Heute öffnete in Frankfurt die Formnext 2019, die größte 3-D-Druck-Fachmesse des Landes, die Tore. In jüngster Zeit wurde ich vermehrt nach meiner Einschätzung zum Thema 3-D-Druck gefragt. Meine Antwort:  Ich bin sehr positiv gestimmt mit Blick auf die 3-D-Druck-Branche und in meinen Börsendiensten sind wir bereits in einige vielversprechenden Werte aus der Branche investiert. Nach einem kurzen Branchenbericht stelle ich Ihnen drei passende Unternehmen vor.

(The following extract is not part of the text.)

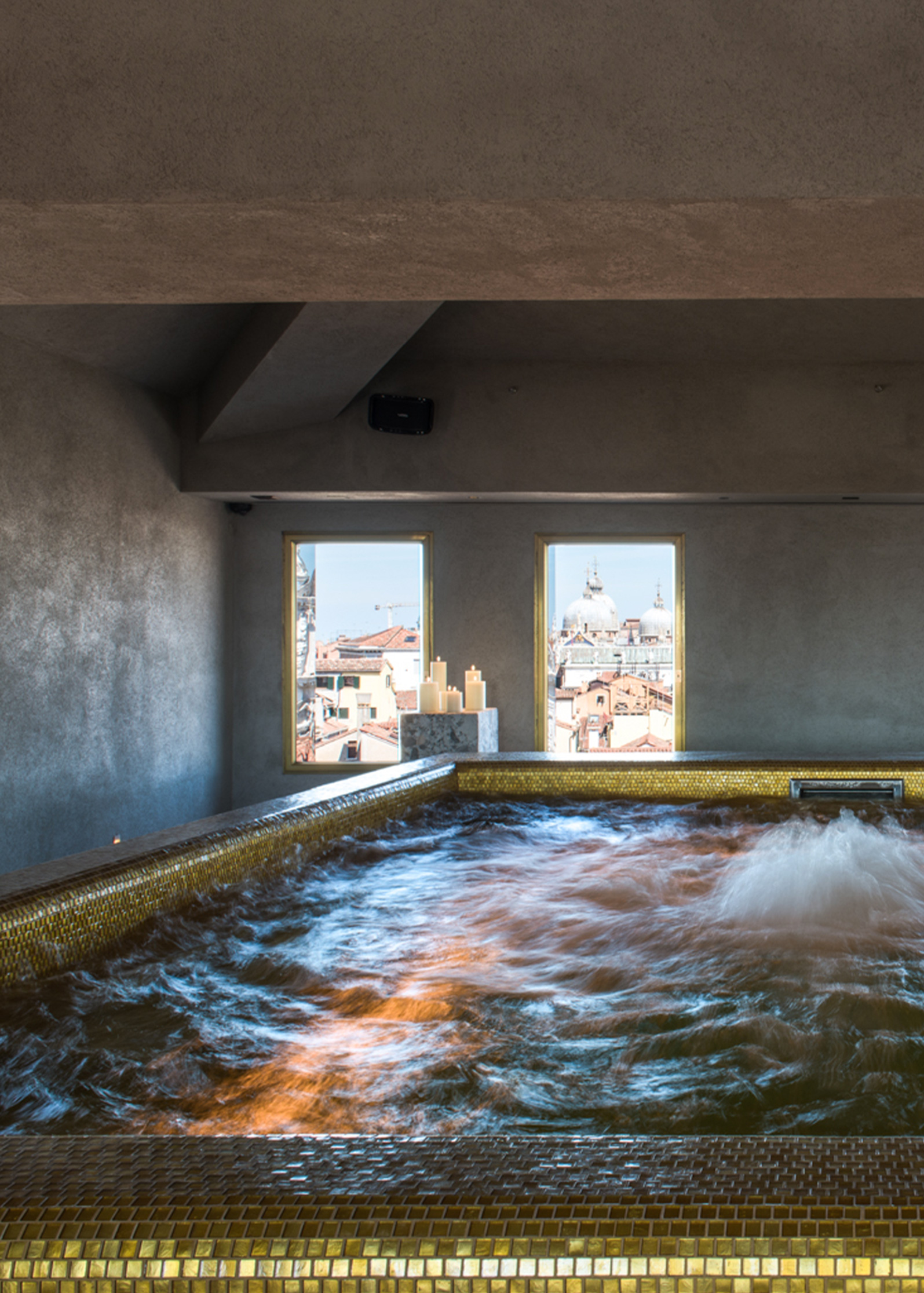 Il s’agit du Bassin, une salle avec piscine au milieu offrant une vue à 360° sur les toits vénitiens. Ici, la charpente en béton, avec ses sols et ses murs de pierres, met en valeur la mosaïque dorée d’inspiration bizantine qui habille le couloir de nage, dont les tesselles favorisent des jeux de lumière qui rappellent directement ceux des dorures de la basilique San Marco. À l’heure du coucher de soleil, un bain s’impose avec comme toile de fond les sommets illuminés de Venise. Dominer la ville et en même temps être dominé par elle n’a jamais été si réel. La cerise sur le gâteau d’une expérience hors du temps.

Das Marktforschungsunternehmen IDC hat kürzlich neue Zahlen zu den Entwicklungen auf dem weltweiten Markt für 3-D-Drucker und 3-D-Scanner herausgebracht. Die Experten erwarten für 2019 ein deutlich zweistelliges Marktwachstum von 21,2%.

Bis 2022 sieht die Prognose ein durchschnittliches Jahreswachstum von 19,7% bei den weltweiten 3-D-Druck-Ausgaben. Wie die IDC-Marktforscher errechneten, werden die 3-D-Druck-Ausgaben im Jahr 2022 bei 22,7 Mrd. US-Dollar (ca. 19,7 Mrd. Euro) liegen.

Über 50% des Umsatzes sollen dabei von der Fertigungsindustrie stammen, während der Gesundheitssektor und der Bildungsbereich auf dem zweiten und dritten Platz landen. Hauptsächlich hergestellt werden Prototypen, Ersatzteile und Bauteile für neue Produkte. Ich rechne damit, dass dieser Markt noch für viele Jahre auf zweistellige Wachstumsraten kommen wird.

Mit Georg Fischer und Evonik können Sie auf 3-D-Druck setzen

Das Schweizer Unternehmen Georg Fischer ist bereits im Jahr 2015 in das industrielle 3-D-Druck-Geschäft eingestiegen. Dabei soll eine Kooperation mit einem deutschen Unternehmen (EOS) helfen. Wie Georg Fischer mitteilt, wird man sich auf die Bereiche Werkzeug- und Formenbau konzentrieren. Konkret konzentriert man sich auf die Entwicklung von Lösungen für Formenbauer, ein Markt, in dem Georg Fischer eine führende Stellung hat.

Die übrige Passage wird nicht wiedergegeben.